### EXERCISE MATERIALS
────────────────────────────────────────
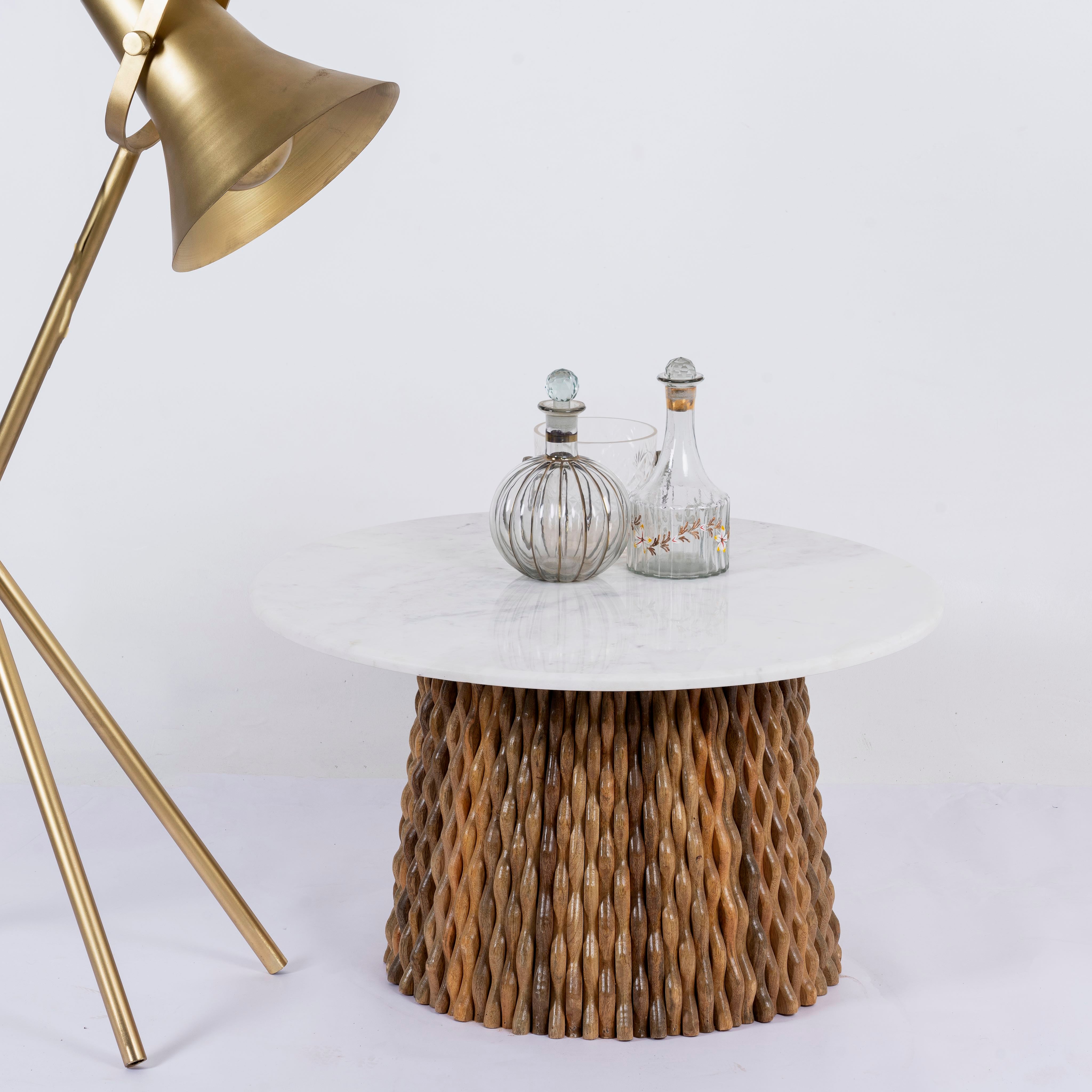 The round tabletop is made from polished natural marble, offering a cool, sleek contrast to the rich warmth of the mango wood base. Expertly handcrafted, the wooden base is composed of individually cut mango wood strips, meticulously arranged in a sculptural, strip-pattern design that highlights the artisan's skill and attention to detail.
────────────────────────────────────────
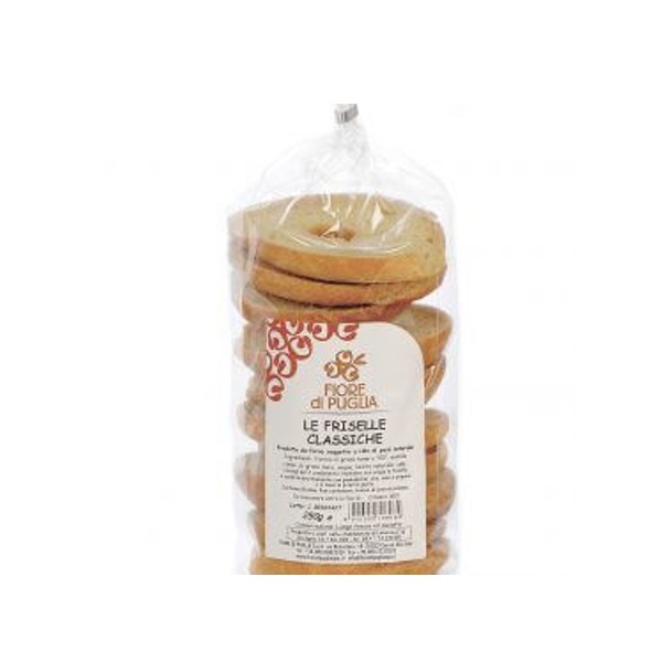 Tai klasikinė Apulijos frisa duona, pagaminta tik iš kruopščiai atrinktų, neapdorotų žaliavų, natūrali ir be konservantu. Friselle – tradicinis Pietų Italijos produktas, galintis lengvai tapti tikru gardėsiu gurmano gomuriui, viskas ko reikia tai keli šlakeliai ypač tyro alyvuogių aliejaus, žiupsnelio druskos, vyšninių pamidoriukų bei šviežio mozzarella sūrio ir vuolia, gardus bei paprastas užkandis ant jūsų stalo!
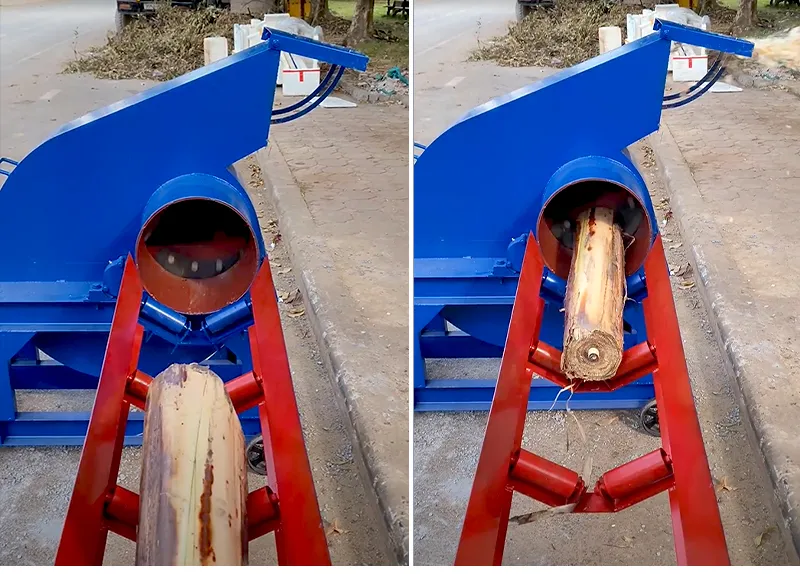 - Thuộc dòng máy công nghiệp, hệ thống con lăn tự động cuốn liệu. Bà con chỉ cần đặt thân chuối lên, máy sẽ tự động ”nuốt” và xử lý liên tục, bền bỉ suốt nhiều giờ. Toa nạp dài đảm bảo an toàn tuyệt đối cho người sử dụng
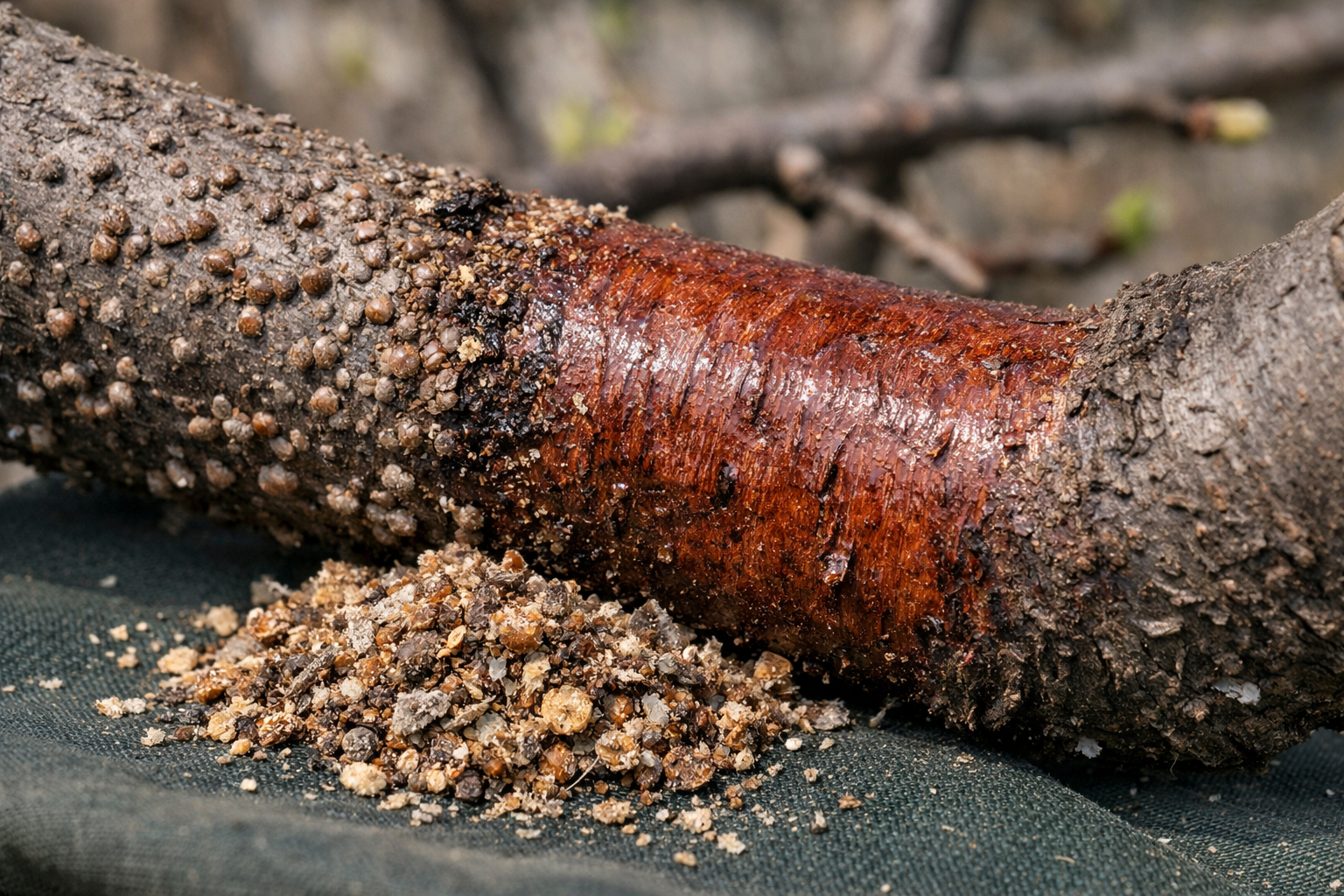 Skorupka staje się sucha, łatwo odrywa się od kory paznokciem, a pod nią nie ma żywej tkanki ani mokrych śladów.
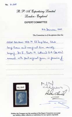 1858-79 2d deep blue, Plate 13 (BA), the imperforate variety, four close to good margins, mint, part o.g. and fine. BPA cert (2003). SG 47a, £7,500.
────────────────────────────────────────
Give back exactly the lines above from the one with "Skorupka staje się" through the one with "1858-79 2d deep", both included. Pictures don't belong in the copy.

 Skorupka staje się sucha, łatwo odrywa się od kory paznokciem, a pod nią nie ma żywej tkanki ani mokrych śladów.
 1858-79 2d deep blue, Plate 13 (BA), the imperforate variety, four close to good margins, mint, part o.g. and fine. BPA cert (2003). SG 47a, £7,500.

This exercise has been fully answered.